Brief description of the problem

Was using Windows file history and it notified me that the ‘drive was full’ which wasn’t exactly possible

Detailed step by step instructions to reproduce the problem

[write here]

Web-UI screenshot

[Drag and drop the image here]

Error Traceback provided on the Web-UI


            Traceback (most recent call last):
  File "/opt/rockstor/src/rockstor/rest_framework_custom/generic_view.py", line 41, in _handle_exception
    yield
  File "/opt/rockstor/src/rockstor/storageadmin/views/appliances.py", line 41, in get_queryset
    self._update_hostname()
  File "/opt/rockstor/eggs/Django-1.8.16-py2.7.egg/django/utils/decorators.py", line 145, in inner
    return func(*args, **kwargs)
  File "/opt/rockstor/eggs/Django-1.8.16-py2.7.egg/django/db/transaction.py", line 271, in __exit__
    connection.set_autocommit(True)
  File "/opt/rockstor/eggs/Django-1.8.16-py2.7.egg/django/db/backends/base/base.py", line 294, in set_autocommit
    self.ensure_connection()
  File "/opt/rockstor/eggs/Django-1.8.16-py2.7.egg/django/db/backends/base/base.py", line 130, in ensure_connection
    self.connect()
  File "/opt/rockstor/eggs/Django-1.8.16-py2.7.egg/django/db/utils.py", line 98, in __exit__
    six.reraise(dj_exc_type, dj_exc_value, traceback)
  File "/opt/rockstor/eggs/Django-1.8.16-py2.7.egg/django/db/backends/base/base.py", line 130, in ensure_connection
    self.connect()
  File "/opt/rockstor/eggs/Django-1.8.16-py2.7.egg/django/db/backends/base/base.py", line 119, in connect
    self.connection = self.get_new_connection(conn_params)
  File "/opt/rockstor/eggs/Django-1.8.16-py2.7.egg/django/db/backends/postgresql_psycopg2/base.py", line 176, in get_new_connection
    connection = Database.connect(**conn_params)
  File "/opt/rockstor/eggs/psycopg2-2.6-py2.7-linux-x86_64.egg/psycopg2/__init__.py", line 164, in connect
    conn = _connect(dsn, connection_factory=connection_factory, async=async)
OperationalError: FATAL:  the database system is in recovery mode

And now. the web interface gives this:

Page not found

Sorry, an unexpected internal error has occured.

A step by step description of the actions leading up to the error.
Download the log.tgz file (containing the tarred and zipped server logs) available at error.tgz, and attach it to the email.

Ok, so I installed Rockstor to test because it looked like the perfect solution that allowed me to use my older hardware for a NAS. All I needed it to do was to store the backup of one single computer and replace an external USB drive.
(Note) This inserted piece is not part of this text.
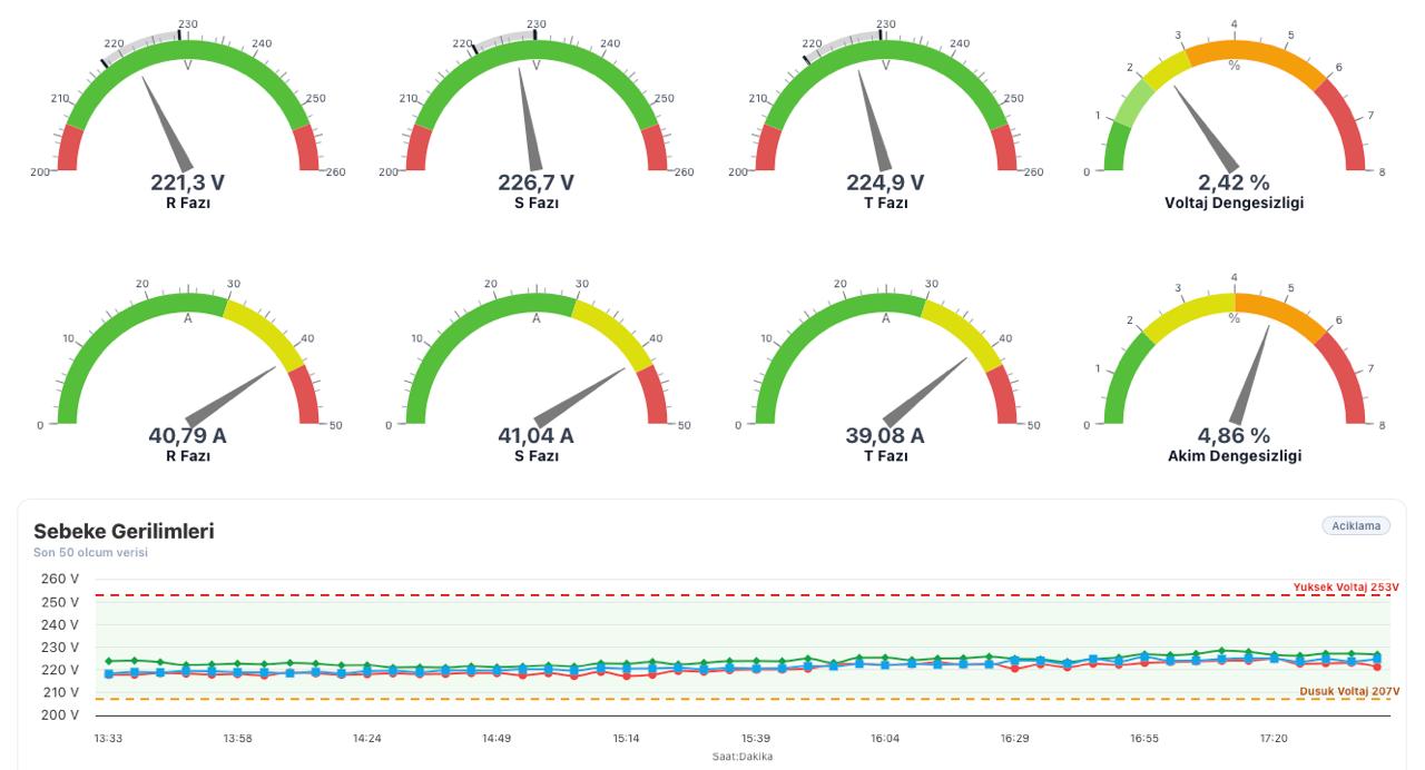 | Şebeke gerilimi | Faz-faz / faz-nötr gerilimleri, gerilim seviyesi, gerilim sapmaları | Düşük gerilim, yüksek gerilim, dengesizlik, kritik besleme uyarısı | Enerji kalitesi görünürlüğü, arıza öncesi risk farkındalığı |

It’s failed.

I’ve now made at least a dozen attempts to install Rockstor. I’ve gotten it working I think twice. And now, after getting hours into a backup it promptly crashes. With my linux experience, that means it’s going to require yet another wipe and reinstall because I’ll be damned if I spend hours googling cryptic linux commands to attempt to fix the current install.

Sorry but I’m glad I didn’t click on your menu spam asking me to pay for this. Had I done so, I’d be asking for a refund about now.

vesper1978 · December 21, 2018, 8:47am

Hi @Rod_Kinnison,

I’m not a Rockstor Developer, I just help out in the forum from time to time.

That error is from the PostgreSQL database that powers Rockstor being in recovery mode due to what is likely corruption. It’s not a Rockstor error.

If you’re able to access the cli, can you provide the output from:

sudo service postgresql status
sudo journalctl -xe

The output from these commands many provide information on how to troubleshoot this.

Haioken · December 22, 2018, 1:20am

First, I would like to mention again that (unless you’ve changed things since your previous attempt) you’re running this on very old hardware. Things cannot be expected to work perfectly on a system that does not provide the basics that the underlying OS (Centos 7) expects to find. (ACPI, EFI, …)

Beyond that, some of the issues you’re experiencing are leading me to think you may have another issue - the state of your disks.
Corruption of the main database shortly after install makes me think that things aren’t being written properly.

This is a pretty young NAS project built by a small team of developers, manual intervention can be required at times, as not all possible conditions have been caught and managed by the UI.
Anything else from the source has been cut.